ABOUT THIS TASK: Set out exactly, line by line, the stretch of data below that begins at the line containing "Film Festival Seattle" and ends at the line containing "Sur-Gard Security Systems", with both ends kept.

PROVIDED DATA:

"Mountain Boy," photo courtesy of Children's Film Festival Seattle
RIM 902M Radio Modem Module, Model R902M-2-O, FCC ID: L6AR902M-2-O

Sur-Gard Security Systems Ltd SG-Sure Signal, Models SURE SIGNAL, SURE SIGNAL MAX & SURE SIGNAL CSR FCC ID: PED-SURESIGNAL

---

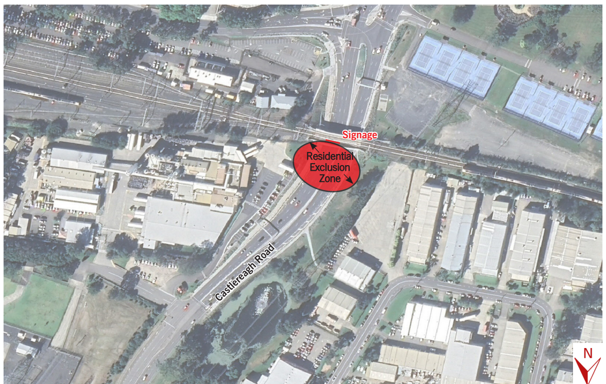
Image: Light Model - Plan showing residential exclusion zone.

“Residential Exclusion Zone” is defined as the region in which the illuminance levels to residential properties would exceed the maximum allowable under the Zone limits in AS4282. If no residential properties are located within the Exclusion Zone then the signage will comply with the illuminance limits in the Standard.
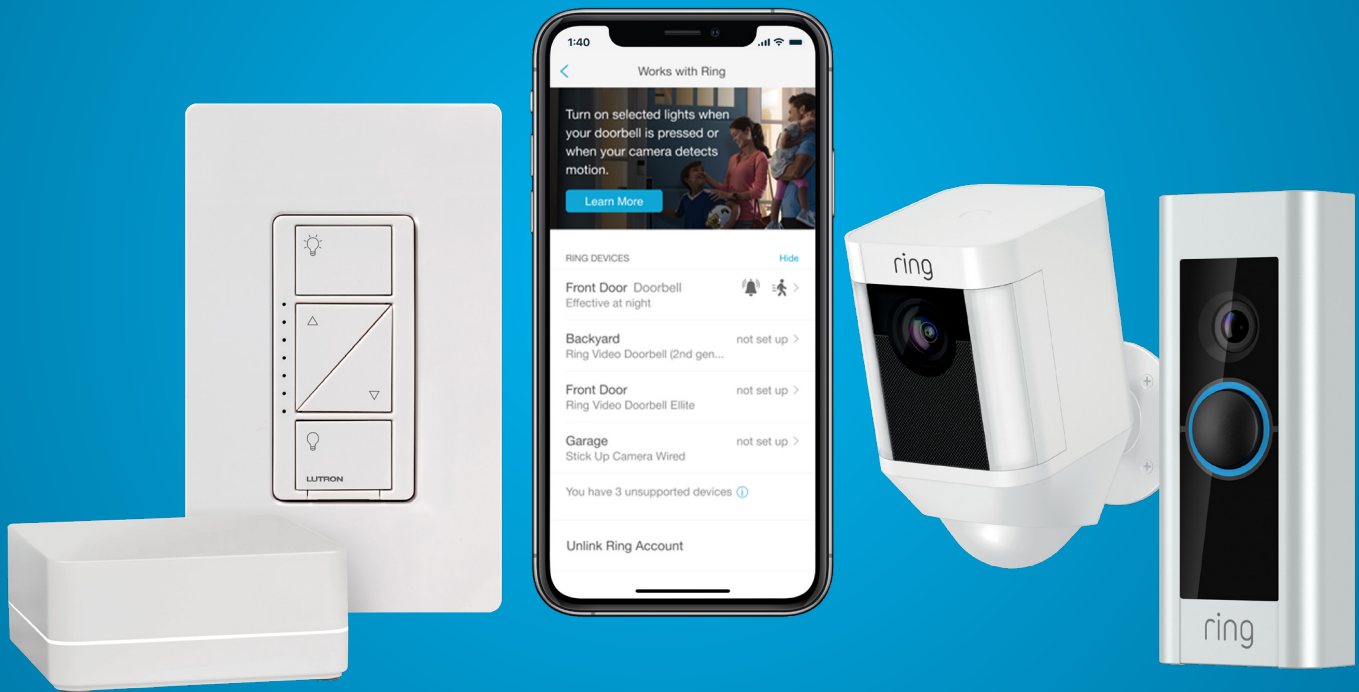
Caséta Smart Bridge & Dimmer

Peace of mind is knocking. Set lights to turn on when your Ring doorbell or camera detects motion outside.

---

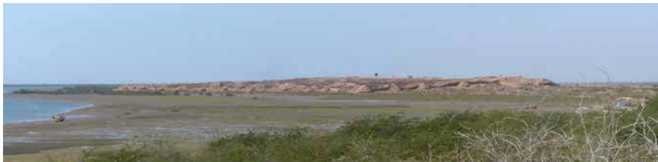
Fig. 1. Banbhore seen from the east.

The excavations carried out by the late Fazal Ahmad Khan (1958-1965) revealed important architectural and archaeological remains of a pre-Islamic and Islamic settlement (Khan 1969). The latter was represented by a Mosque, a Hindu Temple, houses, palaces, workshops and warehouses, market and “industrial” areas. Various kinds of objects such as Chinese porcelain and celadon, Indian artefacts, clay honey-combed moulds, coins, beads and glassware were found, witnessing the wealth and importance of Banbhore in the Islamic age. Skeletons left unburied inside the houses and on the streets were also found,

YOUR SOLUTION:
"Mountain Boy," photo courtesy of Children's Film Festival Seattle
RIM 902M Radio Modem Module, Model R902M-2-O, FCC ID: L6AR902M-2-O

Sur-Gard Security Systems Ltd SG-Sure Signal, Models SURE SIGNAL, SURE SIGNAL MAX & SURE SIGNAL CSR FCC ID: PED-SURESIGNAL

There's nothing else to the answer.